= Data block =
================================
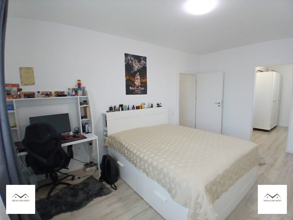 La etaj avem un hol generos 7mp, de unde regasim doua dormitoare 12.8mp si 10.4mp, baie pe hol 5.1mp si apartament matrimonial compus din dormitor 16.6mp, dressing 6.9mp si baie 7.4mp.
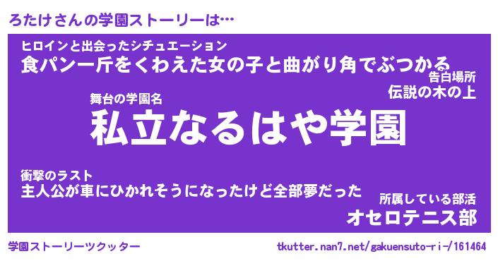 | 女子向けラノベタイトル風あだ名 | 『ろたけ姫と円卓の騎士』 |
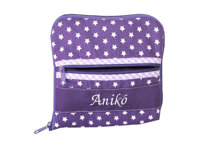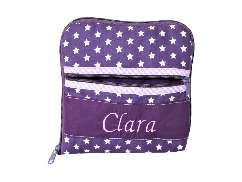 Baumwollstoff in Lila mit weißen Sternen wurde zu einer Diabetes Tasche verarbeitet. Das Innere wurde ganz in der Farbe Lila gehalten, das Schrägband ist Lila kariert. Gern nähen wir Ihnen, Ihre persönliche Wunschtasche.
================================
= Exercise instructions =
Set down the material again exactly. Don't carry over any pictures.

= Response for this exercise =
 La etaj avem un hol generos 7mp, de unde regasim doua dormitoare 12.8mp si 10.4mp, baie pe hol 5.1mp si apartament matrimonial compus din dormitor 16.6mp, dressing 6.9mp si baie 7.4mp.
 | 女子向けラノベタイトル風あだ名 | 『ろたけ姫と円卓の騎士』 |
 Baumwollstoff in Lila mit weißen Sternen wurde zu einer Diabetes Tasche verarbeitet. Das Innere wurde ganz in der Farbe Lila gehalten, das Schrägband ist Lila kariert. Gern nähen wir Ihnen, Ihre persönliche Wunschtasche.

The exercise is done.